Morphic Therapeutics announced its IPO yesterday, planning to sell 6 million shares at $15 per share. It began trading today on the Nasdaq under the symbol MORF. The company is working to create a new generation of oral integrin drugs. In February, it signed a research-and-development collaboration with Janssen Biotech, a Johnson & Johnson company. They will focus on several undisclosed integrin targets.

Integrins are a family of receptors that appear on the surface of most cells in humans. They are made up of two submits, alpha and beta. Integrin signaling controls a broad variety of cellular processes, including cell survival, cell cycle progression, immune system activation, cell differentiation, and cell migration.

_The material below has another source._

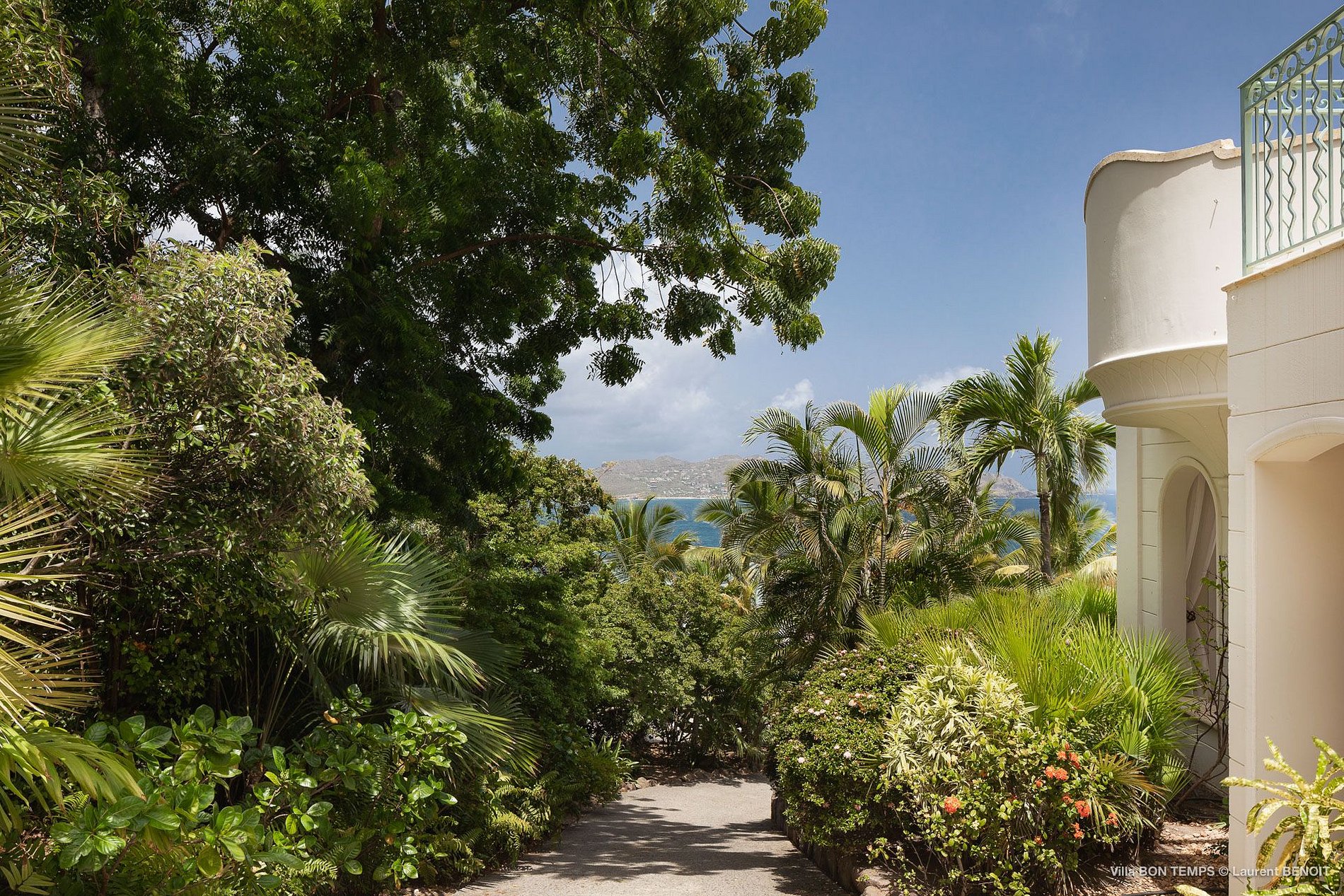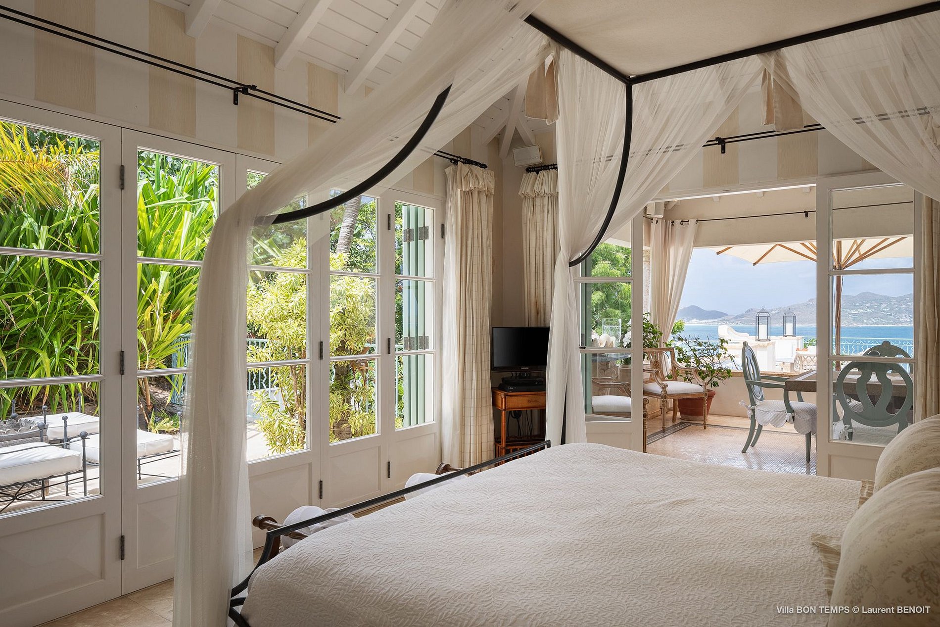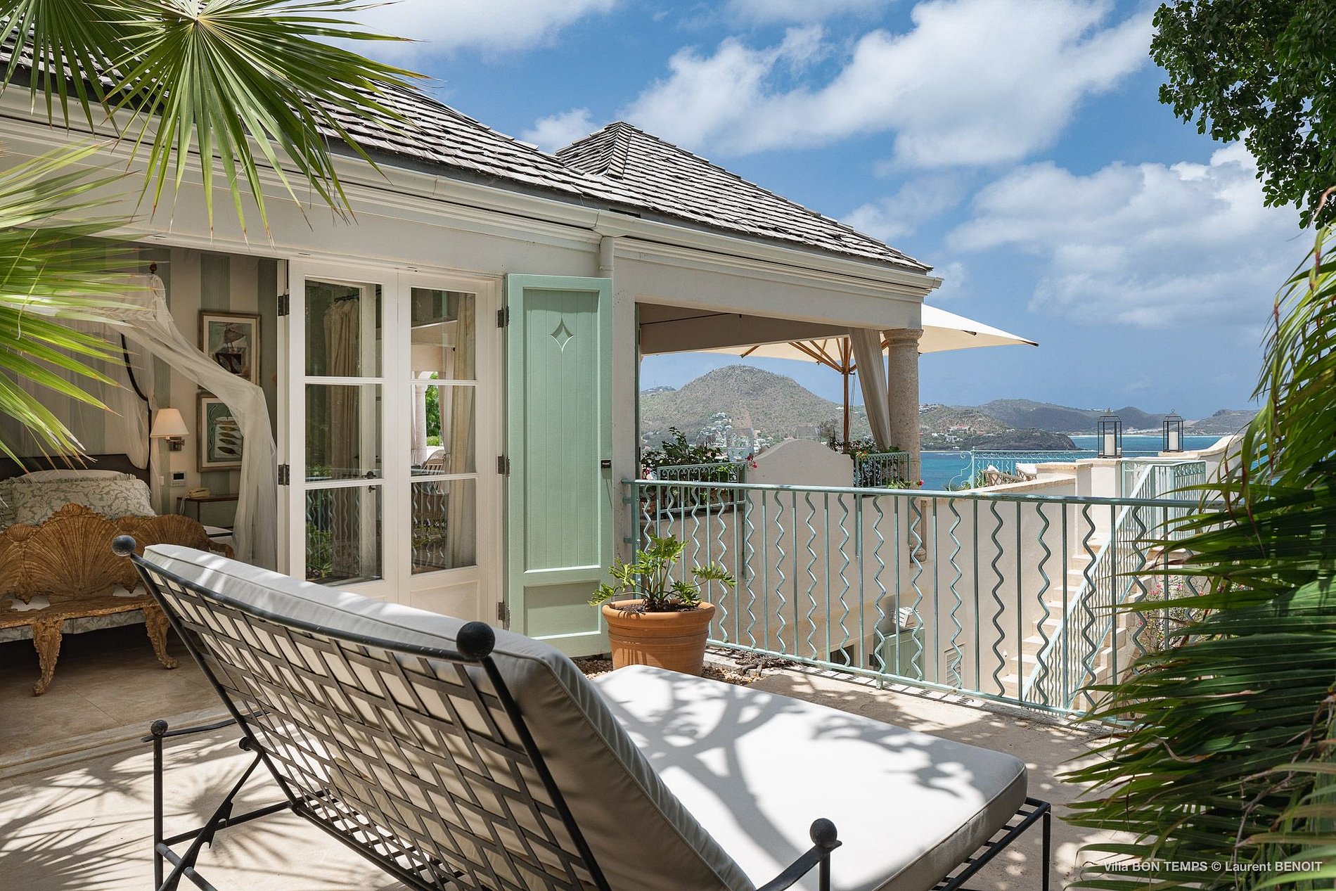 Villa Bon Temps é decorada em suaves tons naturais de azul e verde contra um fundo de creme e off-white. O piso de mosaico feito sob encomenda, os detalhes pintados à mão da telha e uma coluna de pedra que oferece sombra contra o sol dão a excepcional sensação mediterrânea a essa casa. Os seis quartos da villa são igualmente bem equipados, com tetos altos, banheiros em azulejos de travertino e vista para o mar. Quatro dos quartos estão no mesmo nível que a casa principal, enquanto os outros dois estão em um nível mais baixo e oferecem varandas cobertas privadas.

The company’s disease focus is on fibrosis, autoimmune disease, and immuno-oncology.

Karuna Therapeutics filed for its IPO in April. The company had raised $122 million in two venture rounds, the second one in April for $80 million. The company is expecting data from a Phase II clinical trial later this year of KarXT xanomeline/trospium chloride, a muscarinic receptor modulator, to treat acute psychosis associated with schizophrenia. On June 17, it set its pricing between $15 and $17 per share to raise $74.4 million. It will trade on the Nasdaq under the ticker symbol KRTX.

In its latest filing, the company stated, “We intend to use the net proceeds from this offering, together with our existing cash, cash equivalents and short-term investments, to fund the completion of our ongoing Phase II clinical trial and the completion of a planned Phase III clinical trial for the treatment of psychosis in schizophrenia.”

It also plans to finish its Phase Ib trials in schizophrenia and a Phase Ib and Phase II trial for psychosis in Alzheimer’s disease, complete a planned Phase Ib trial and complete a Phase II trial for pain, and develop its pipeline.